I don't for a minute think that blogposts about exercise are the most thrilling blogposts , coming slightly below dreams although significantly above cat pictures.
However, because I started writing about my embracing of exercise, if I don't carry on, there will be readers thinking, yeah, we knew it,it would be a passing phase, she'd soon give up. So it acts as a motivation. There is also a part of me that hopes that maybe someone thinks 'bloody hell if that fat lazy cow can do it, there's no excuse for me' and that would be a positive thing in itself. (If they then act on their thought!).
I am pleased to report that my weight is holding absolutely steady since the last time I reported it, which is two kilogrammes heavier than four months ago, and makes me more than twenty kilogrammes overweight. Yet several people have said stuff like "You're looking really well" or "You've lost so much weight". I patiently explain I have lost fat and built muscle.
Jimmy going back to work full time plus not long after the clocks going back has rather stymied the excellent routine and mutual encouragement we had developed. It had been at least a couple of weeks since I got the bike out, lame excuses like it's cold, it's wet, it goes dark early,and the lamest of the lot...the best way to get the bikes out is to wheel them outside the front door of the shed, lock the shed from within, leave by the back door of the shed, lock the kitchen door, go to front door, put on outdoor shoes, go outside front door...at which point there is a risk, however slight, of the bike being nicked. So I decided to carry it through the house, which is a lot less hassle than unbolting and bolting the shed door.
On Saturday I went out to Tooting Common for an hour, and this glorious sunny and clear morning I cycled to the top of Brockwell Park and gazed for many miles across the skyline of London, soaking in the UV Rays of the sun. Really, being out in the cold is no big deal presuming one is well wrapped up and gloved. The cold hits the face initially but that soon goes. Until you stop, then the chill breeze once again hits the face moistened by light sweat a ladylike glow.
I went swimming yesterday evening. I did six lengths to warm up and realised that in that five or so minutes I had effortlessly completed what represented a full session not very long ago. Oh heck, what do I do now? More lengths. One thing that I wonder about. As I get fitter and more muscular I find I am doing more lengths in a shorter time than it took to do fewer. So eg I can do a lot more in 20 minutes than I used to do in 30 minutes. Is it more important to up the number of lengths, in order to continue to do half an hour, or to have a target number of lengths in shrinking time period, or to increase the time and the intensity in the pool?
I picked up a leaflet from my Pharmacist which says being active on five or more days of the week - 30 minutes for general health benefits and 60 minutes to 'help you lose weight and stop the weight going back on'. Then it categorises various activities - eg strolling (light), cycling, 10-12 mph (moderate) or swimming, crawl (vigorous) but doesn't really say whether 60 minutes of 'light' is equivalent to 30 minutes of 'vigorous' or whatever.
And I also don't like that constant use of the word 'weight'. I don't give a damn what I weigh; if I did I would have collapsed disheartened in tears and given up disillusioned by now. I am far more interested in waist measurement, and hip-to-waist ratio (and would be even more interested if I could actually locate my waist). This is known in everyday parlance as dress size. Above my navel I have the beginnings of a muscular and well-defined six-pack; below my navel I have a bloated gut that is not a pretty sight and can only be disguised by my droopy breasts hanging down (that last bit is a joke, my boobs are very pert thank you).
It's not just a theoretical moan with me.
I am absolutely and totally not losing any weight whatsoever, yet I am measurably fitter and clearly less fat than I was four months ago. If I was on some supervised programme, be it Fat Fighters or the NHS, I would be weighed in the balance and found lacking, or rather, found not lacking, but would be judged a failure.

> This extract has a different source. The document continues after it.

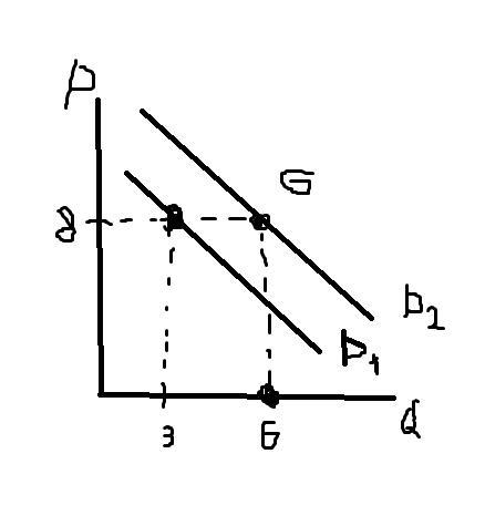 При увеличении покупателей кривая спроса сдвигается вверх-вправо, спрос возрос в 2 раза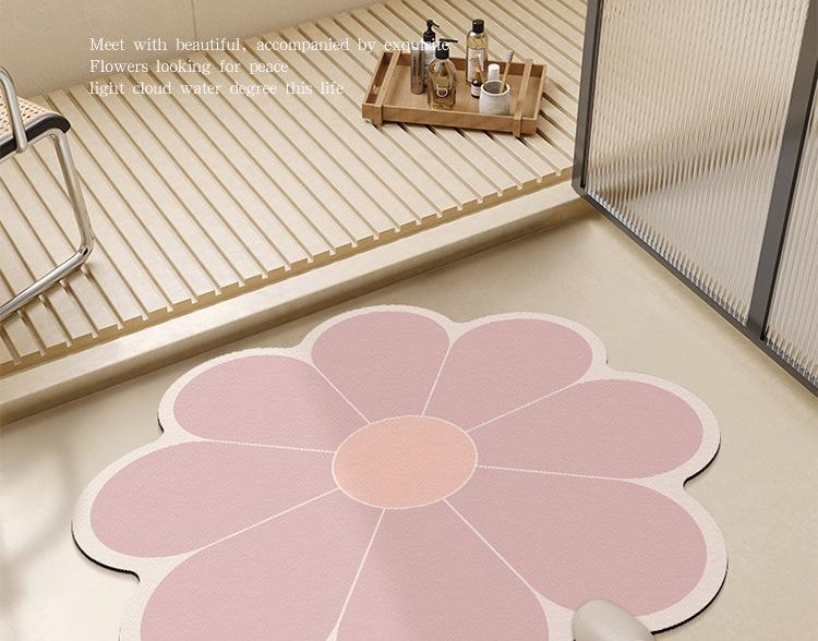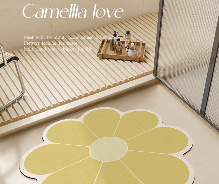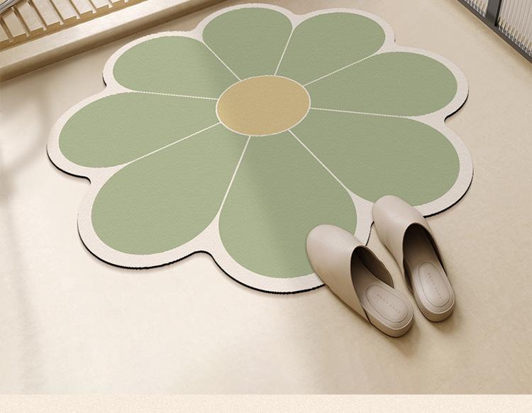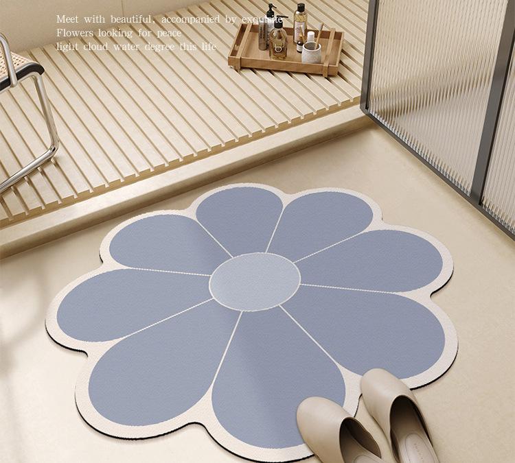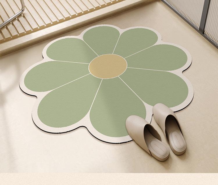 Alfombra de baño con diatomeas y flores frescas, absorbente, de secado rápido, irregular, antideslizante

I'm strong, energetic, high self-esteem, high level of knowledge and therefore don't give a shit, but if I were different, I would probably by now have embarked on some lunatic diet contradictory to basic science, would be feeling totally miserable, and would soon fall off the diet, and with the damage done to my metabolism and Christmas looming, I would balloon up by another five kilogrammes or more, or at least a dress size, which would make me more depressed, so launch me onto another faddy diet, doomed to fail, which would notch my fat levels up higher whilst stripping away my muscle.
Surely a major contributory factor to the 'obesity epidemic' is the cynical marketing of and profiteering from stupid damaging diets that screw-up people's bodies. One of the (many) evils of unfettered capitalism.
But what excuse the NHS has, I don't know. Although, significantly, their Change4Life website, about tackling childhood obesity, does not use the word 'weight' once but does say
There is a clear link between having too much fat in your body and preventable illnesses like diabetes, coronary heart disease, cancer and depression.
Which is gratifying. But the Department of Health has a strategy called Healthy Weight, Healthy Lives which does not seem at all helpful. And their PSA target is defined by weight. Sigh. It should be fat. Fat. Fat not weight.